Your objective: Reproduction of part of the material below, pictures omitted: copy exactly, and only, the lines starting with the one with "Novelsite Fish Tank" and going on through the one with "Boceto a lápiz".

Record excerpts:

※

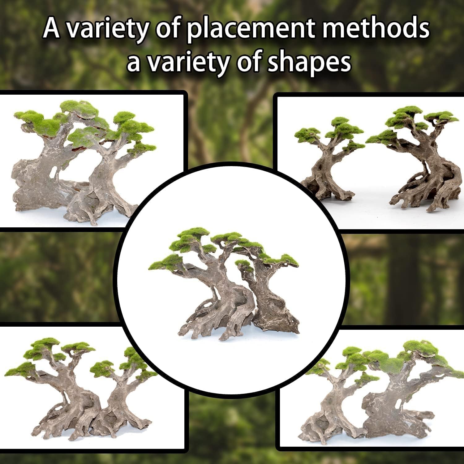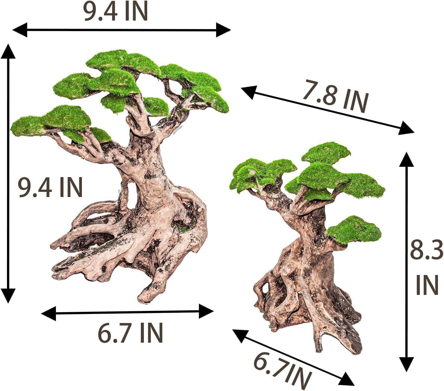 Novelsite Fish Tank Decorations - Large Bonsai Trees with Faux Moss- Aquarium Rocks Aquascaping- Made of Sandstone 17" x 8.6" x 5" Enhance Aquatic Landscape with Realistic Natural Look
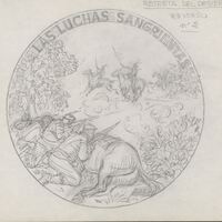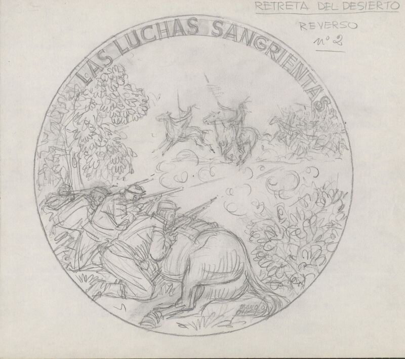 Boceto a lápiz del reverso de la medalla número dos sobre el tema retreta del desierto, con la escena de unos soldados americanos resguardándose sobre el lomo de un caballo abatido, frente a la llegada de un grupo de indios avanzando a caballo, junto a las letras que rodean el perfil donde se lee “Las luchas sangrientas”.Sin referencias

※

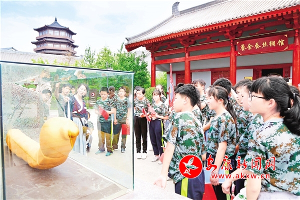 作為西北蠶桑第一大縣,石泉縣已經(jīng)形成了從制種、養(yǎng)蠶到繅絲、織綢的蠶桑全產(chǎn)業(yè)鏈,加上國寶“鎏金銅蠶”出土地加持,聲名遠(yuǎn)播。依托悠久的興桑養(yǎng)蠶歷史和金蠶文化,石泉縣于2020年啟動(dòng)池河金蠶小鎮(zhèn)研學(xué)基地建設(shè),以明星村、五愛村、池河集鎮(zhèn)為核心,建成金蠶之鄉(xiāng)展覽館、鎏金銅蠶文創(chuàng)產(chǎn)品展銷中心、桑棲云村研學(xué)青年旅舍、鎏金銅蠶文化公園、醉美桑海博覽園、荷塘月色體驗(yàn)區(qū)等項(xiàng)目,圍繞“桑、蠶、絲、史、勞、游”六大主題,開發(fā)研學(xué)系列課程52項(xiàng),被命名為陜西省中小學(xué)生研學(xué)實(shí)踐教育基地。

※

Expected output:
 Novelsite Fish Tank Decorations - Large Bonsai Trees with Faux Moss- Aquarium Rocks Aquascaping- Made of Sandstone 17" x 8.6" x 5" Enhance Aquatic Landscape with Realistic Natural Look
 Boceto a lápiz del reverso de la medalla número dos sobre el tema retreta del desierto, con la escena de unos soldados americanos resguardándose sobre el lomo de un caballo abatido, frente a la llegada de un grupo de indios avanzando a caballo, junto a las letras que rodean el perfil donde se lee “Las luchas sangrientas”.Sin referencias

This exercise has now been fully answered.